Нил Стивенсон - Система мира
— Да, но признай, что именно я должен был явиться тебе здесь и сейчас! — Де Жекс говорил без обычного мерзкого французского акцента.
— Ну… сдаюсь, — слабо проговорил Джек.
У де Жекса, разумеется, было наготове иезуитское объяснение:
— Все, кто тебя посетил, Джек, либо ещё живы, либо уже отправились, куда следует, и слишком далеко от этого мира, чтобы тебя слышать. Только мой дух по-прежнему витает здесь.
— Ты не попал в ад? Я-то думал, что тебе прямая дорога туда.
— Как я однажды признался тебе в минуту слабости, мой статус был и остаётся двусмысленным.
— Ах да… твоя коварная кузина чего-то намутила. Я позабыл.
— Сам святой Пётр не смог разобраться в этих хитросплетениях, — сказал призрак де Жекса, — и потому я обречён скитаться по земле до Страшного суда.
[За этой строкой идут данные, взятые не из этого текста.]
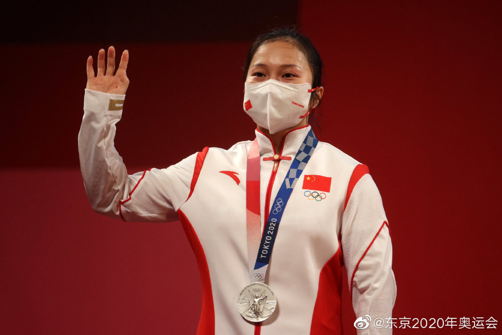 中国选手廖秋云以抓举97公斤,挺举126公斤,总成绩223公斤获得东京奥运会女子举重55公斤级银牌。
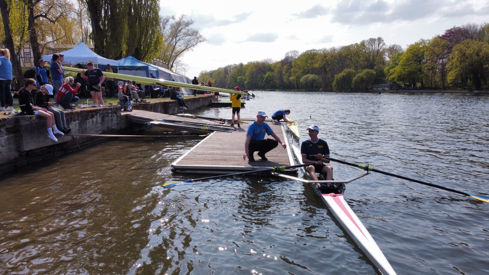 Nach 2 Jahren coronabedingter Pause war die Vorfreude groß. Endlich wieder eine Frühjahrsregatta in Eilenburg. Dennoch kamen nicht so viele Ruderinnen und Ruderer am 7. und 8. Mai an den Start wie erwartet. Einige waren noch nicht fit genug und haben von vornherein auf eine Anreise verzichtet. Auch diverse kurzfristige Abmeldungen gab es zu verzeichnen. Das Weltgeschehen bescherte allerdings auch eine Teilnehmerin aus dem U23-Nationalkader der Ukraine, die souverän für einen Dresdner Club siegte. Die Bedingungen auf der Strecke hätten besser nicht sein können: Heiter bis wolkig und ein mildes Lüftchen.

— И как же ты коротаешь время, отец Эд?
Отец Эд пожал плечами.
— Стараюсь искупить свою вину, давая добрые советы и направляя тех, у кого есть ещё шансы достичь Небес, на путь праведный.
— Ха! Ты?!
Де Жекс снова пожал плечами.
— Поскольку ты прикован к полу цепями, тебе остаётся только выслушать мой совет, даже если ты не намерен ему внять.
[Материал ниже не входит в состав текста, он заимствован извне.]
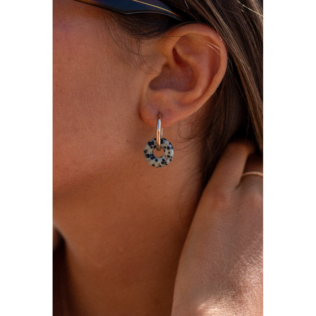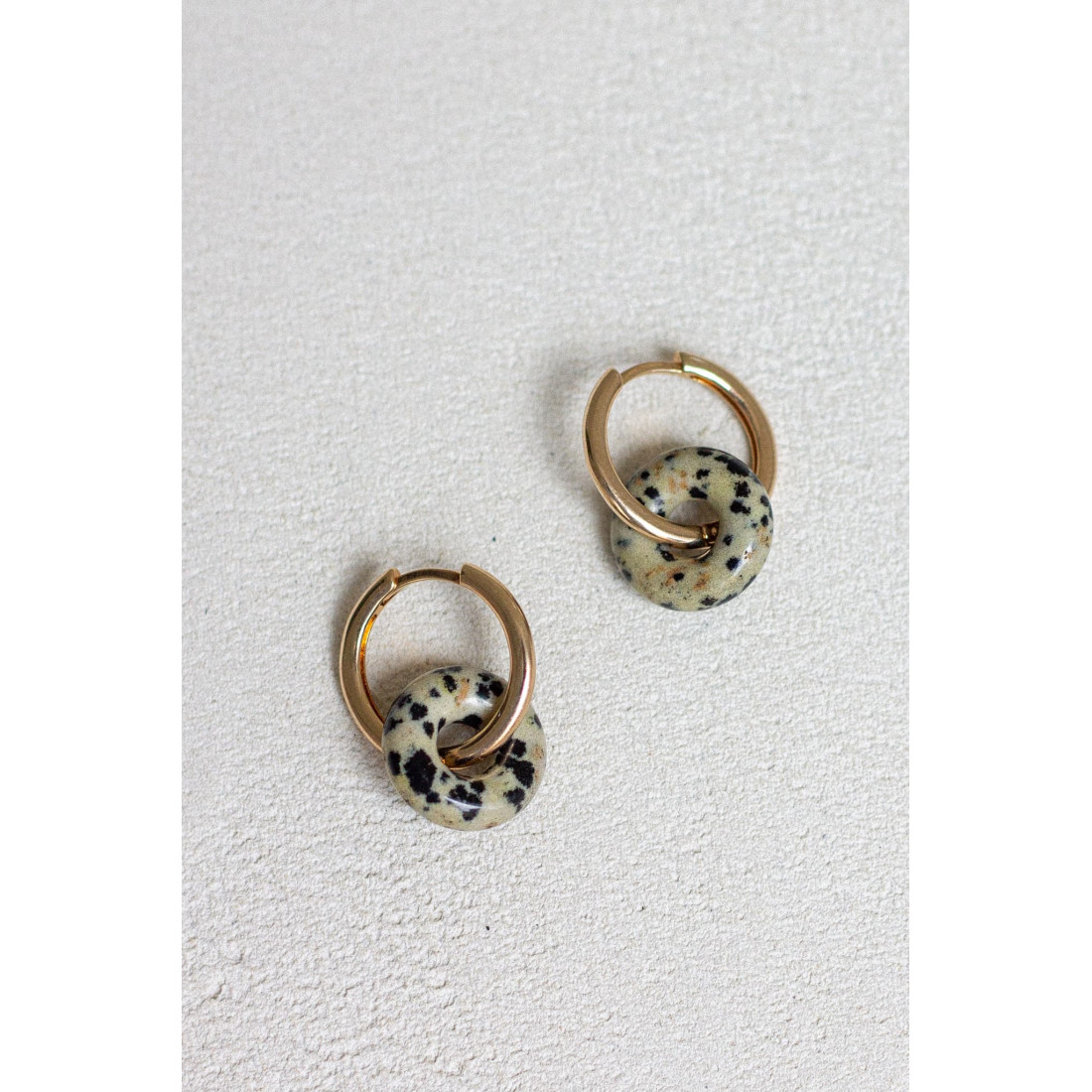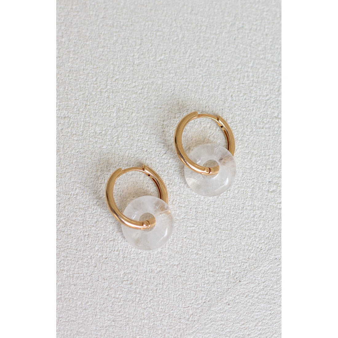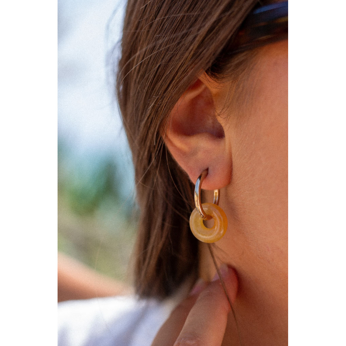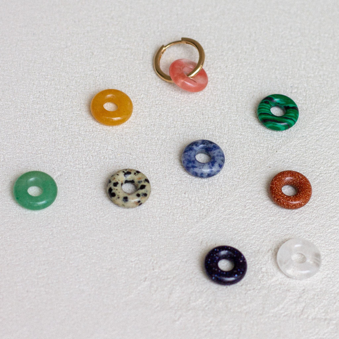 Nos créoles en plaqué or 3 microns se réinventent chaque jour grâce à leurs anneaux interchangeables en pierres fines naturelles. Un bijou modulable, solaire et élégant, pensé pour suivre vos envies et sublimer toutes vos tenues — du look casual au plus habillé.
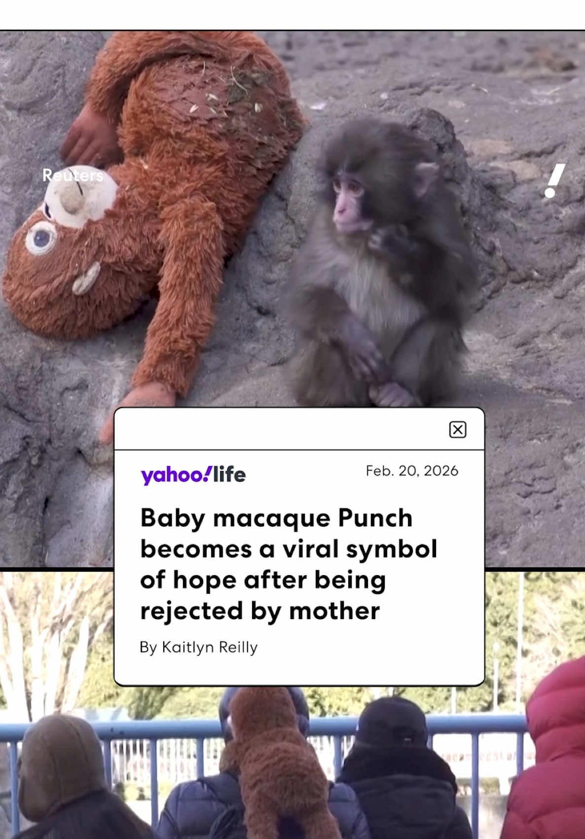 Punch has taken over the internet. ❤️ The baby macaque, who was rejected by his mother, went viral after finding a friend in a stuffed animal. His story has attracted crowds to a Japanese zoo, which confirmed he's doing better socially. “Punch is gradually deepening his interactions with the troop of monkeys," the Ichikawa City Zoo wrote on X. ##macaque##animals##news##japan ♬ original sound - Yahoo News
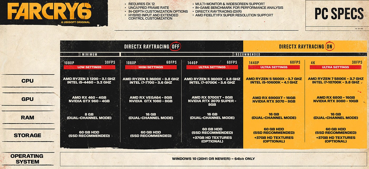 Far Cry 6 offizielle PC-Systemanforderungen
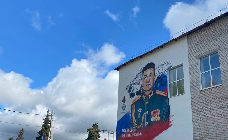 В память о подвиге на стене родной школы в Шигонах создали мурал с портретом Дмитрия при поддержке Президентского фонда культурных инициатив (ПФКИ).
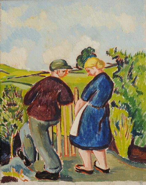 Stooking the hay, planting the potatoes and meeting at the gate, a set of three canvases

— И что же ты советуешь? Говори быстрее, ты блекнешь.
— Я не блекну, — объяснил де Жекс. — Тюремщики услышали, как ты кричишь на меня, и открыли дверь. Смотри, уже утро, окна Ньюгейтской тюрьмы распахнуты, в них струится свежий воздух, всё заливает свет. Я тут с тобой. Не обращай внимания на тюремщиков: они в растерянности, потому что не видят меня и полагают, что ты не в себе.
— Ха! Вот дурачьё! Я не в себе! Надо же такое удумать!
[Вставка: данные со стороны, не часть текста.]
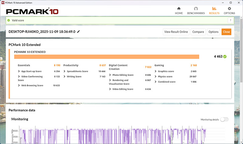 PCMARK 10 獲得 4463 分。
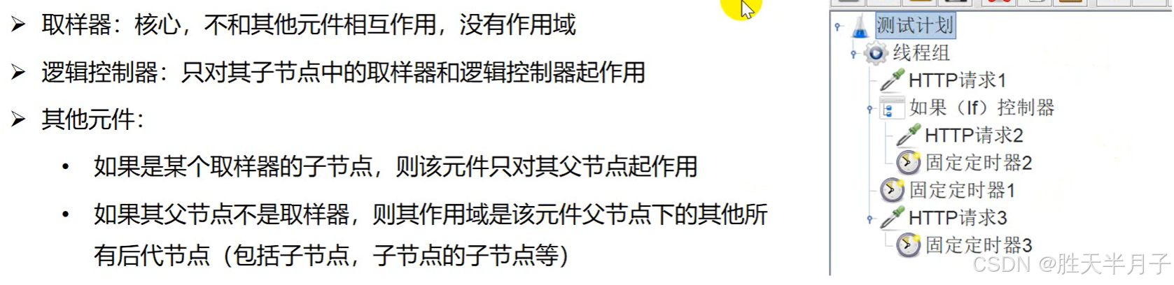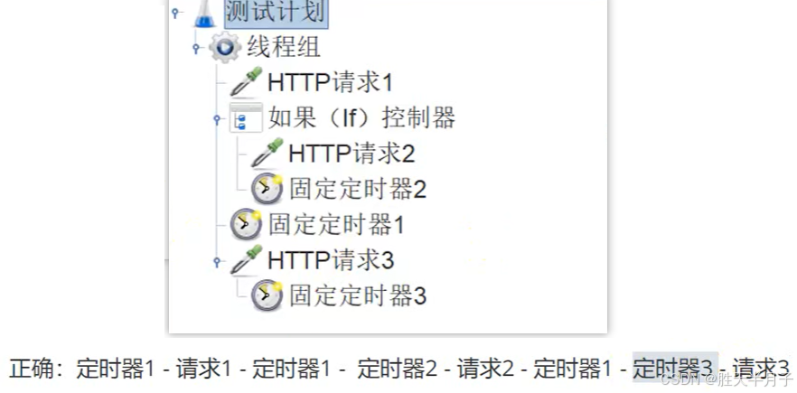 JMeter 的测试计划以 "树形结构" 组织(类似文件夹层级),元件的作用域遵循以下基本原则:
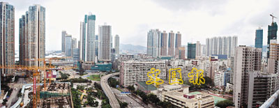 【本報訊】(實習記者 鄧啟麟)大角咀將興建多棟高達50層的住宅大廈,令西九龍區的屏風效應可能加劇。綠色團體「環保觸覺」說,擁有6座、45至55層高大廈的海庭道項目將成為區內最高的屏風式屋苑,竣工後大角咀將會被14個屋苑、共68座屏風樓包圍,造成嚴重的屏風效益,並批評有關的海庭道建屋計劃的審批過程,反映城規制度漏洞重重,無力監管發展商。
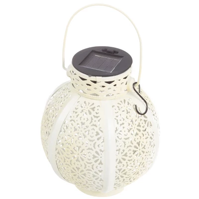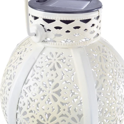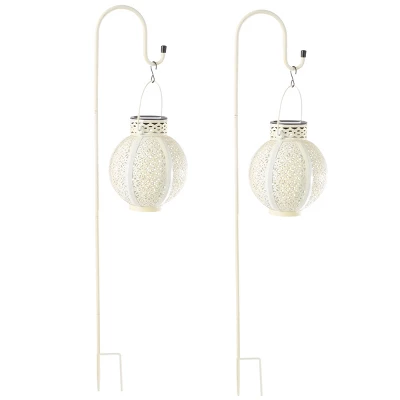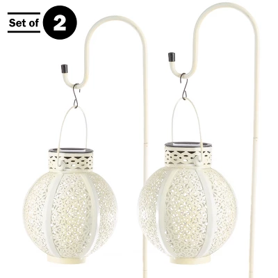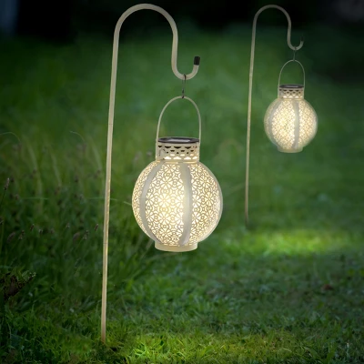 Add soft and subtle lighting to your backyard with the Solar Garden Lights by Pure Garden. This set of 2 lanterns are made of powder-coated iron with a white finish and gold inside for lasting use in your garden, backyard, porch, deck, or patio. The LED bulb in each hanging solar lantern is powered by a solar panel and rechargeable AAA battery and will automatically turn on at dusk. Once they’re switched on, the hanging lanterns provide 8 hours or more of soft lighting for parties, festivals, or gatherings with friends and family. This lantern set features hang rings and comes with 2 white shepherd hooks, so you can display these attractive lantern lights anywhere you want.

— Ты согласился на предложение Даниеля Уотерхауза. Почему?
— Я рассудил, что он самый надёжный из троих. Чарльз Уайт человек влиятельный, но положение его шатко; того и глядишь, ему придётся бежать из Англии. Опасно на него ставить. Ньютона я просто не понимаю. А вот Уотерхауз… он связан с Сатурном, у него есть все основания довести дело до конца. Он уже вытащил мальчишек из Флитской тюрьмы — из-за того-то сэр Исаак вчера вечером так злился…
— Это было три вечера назад, Джек, — сказал де Жекс. — А под гнёт тебя положили два дня назад, восемнадцатого.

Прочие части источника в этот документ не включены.